● WHAT YOU SHOULD DO
Only the lines from the start of the data through the line containing "This is more" should be written out, exactly as they are, with both ends included and the pictures left out.

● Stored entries
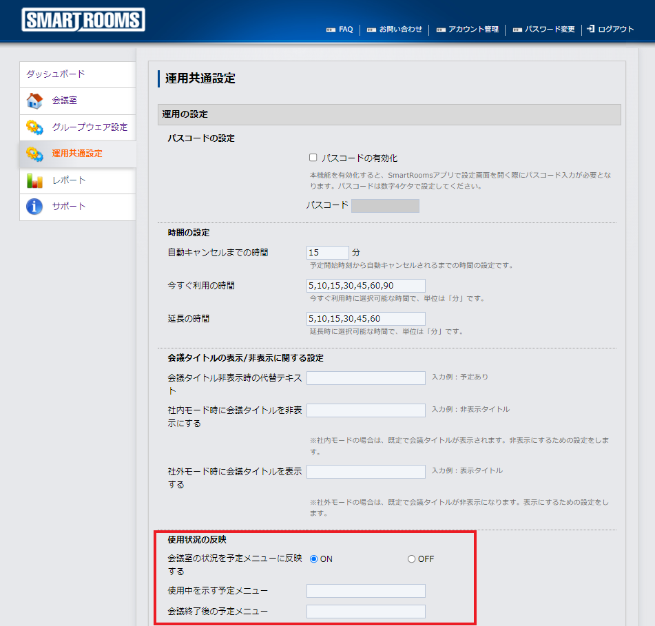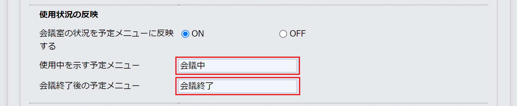 「使用状況の反映」の「会議室の状況を予定メニューに反映する」をONにします。
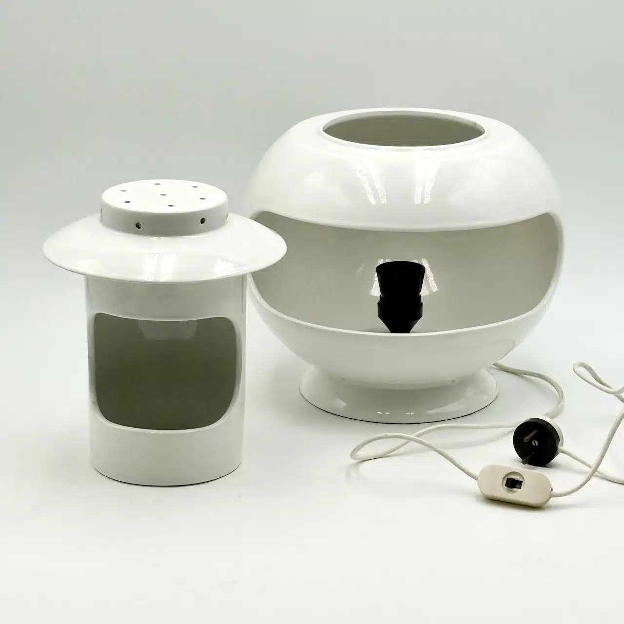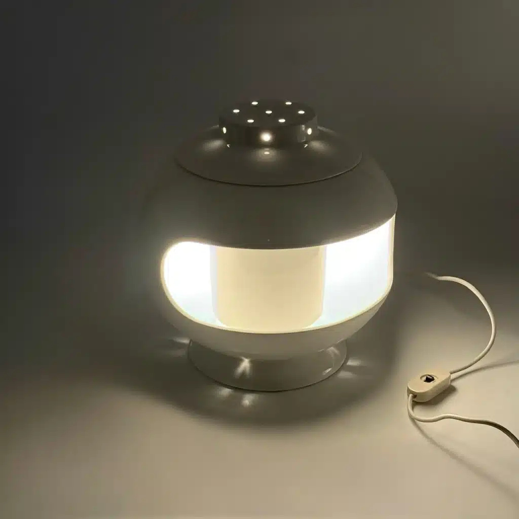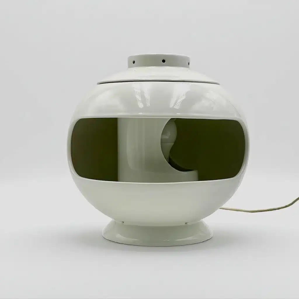 This is more than just a lamp—it’s a functional sculpture and a statement piece of vintage Italian Space Age design.In excellent vintage condition, it features its original wiring (E27 socket, inline switch) and is ready to illuminate your modernist or retro-futuristic interior.
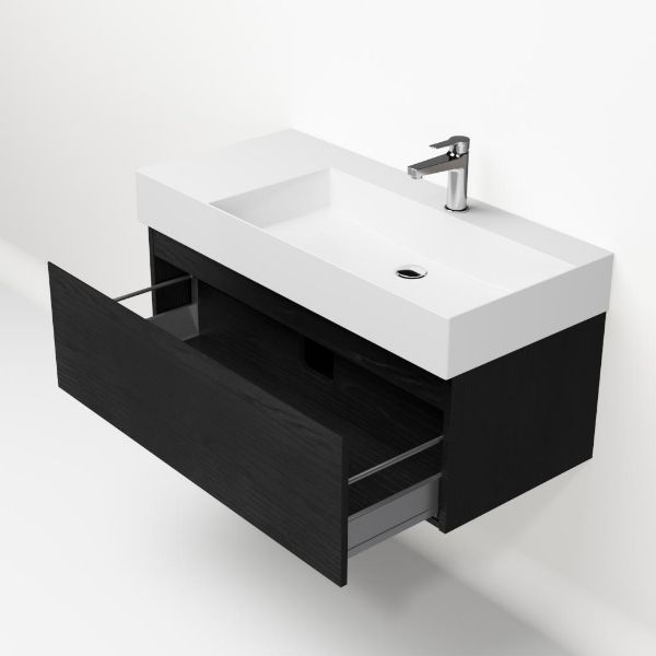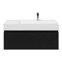 Greeploos badkamermeubel in de kleur zwart mat eiken is 100 cm breed. De wastafel is vervaardig in keramiek en heeft de kleur wit keramiek. Dit badkamermeubel met deze wastafel is leverbaar tussen de 60 cm t/m 160 cm
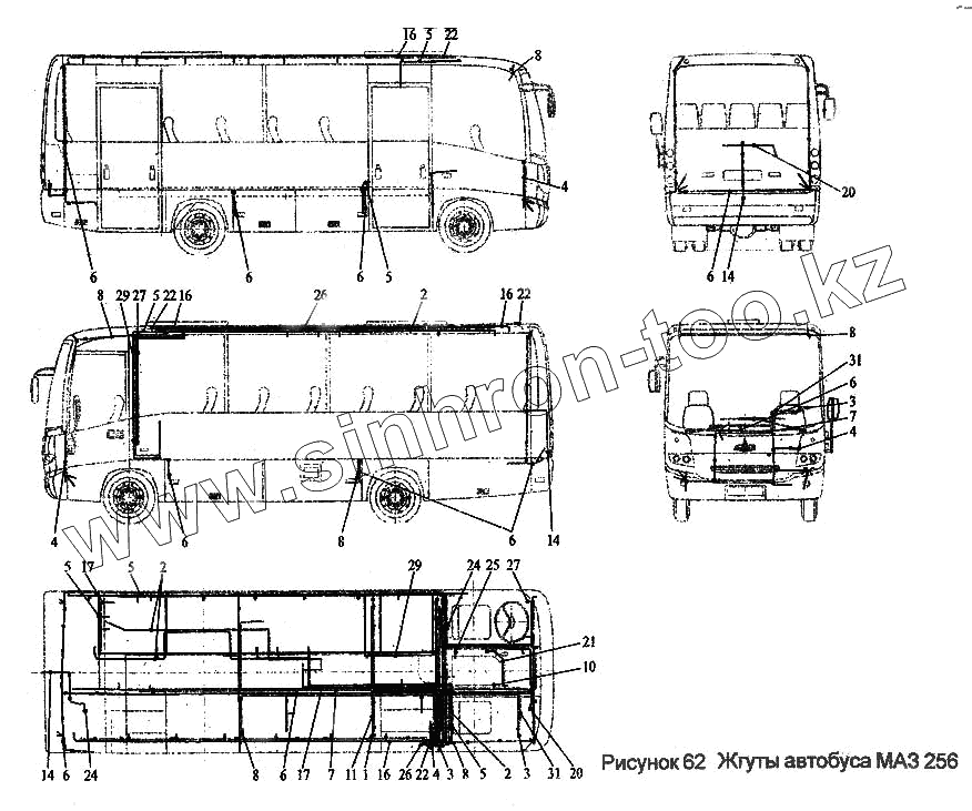 Каталог запасных частей к технике: АМАЗ МАЗ-256. Жгуты автобуса МАЗ 256
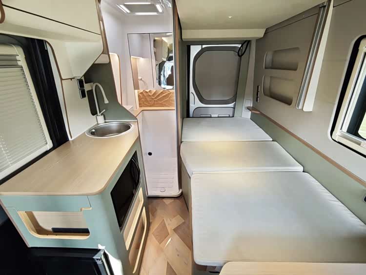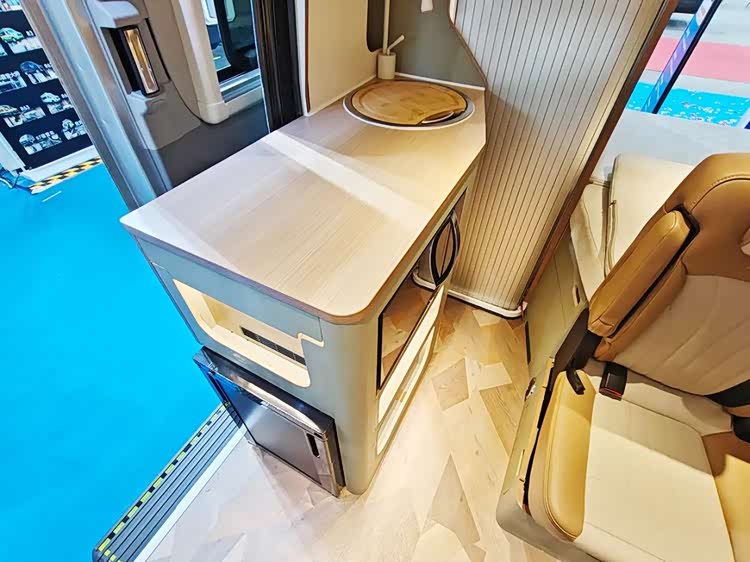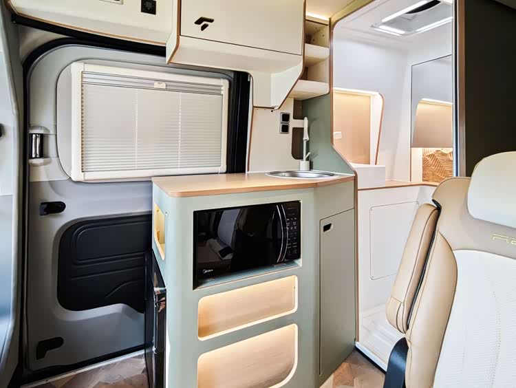 上门处设置室内厨房区,配备洗菜池、微波炉和50L房车专用双向开门冰箱。洗菜池满足日常洗漱、洗菜需求,微波炉可快速加热食物,冰箱则能储存食材、饮料等,满足旅居途中的饮食需求。厨房操作台面设有洗菜池,电磁炉采用模块化设计,集成在侧方操作台中并采用隐藏式抽拉结构,节省空间且方便使用。厨房内部配置多个储物柜,便于收纳厨具和食材。

● EXERCISE ANSWER
 「使用状況の反映」の「会議室の状況を予定メニューに反映する」をONにします。
 This is more than just a lamp—it’s a functional sculpture and a statement piece of vintage Italian Space Age design.In excellent vintage condition, it features its original wiring (E27 socket, inline switch) and is ready to illuminate your modernist or retro-futuristic interior.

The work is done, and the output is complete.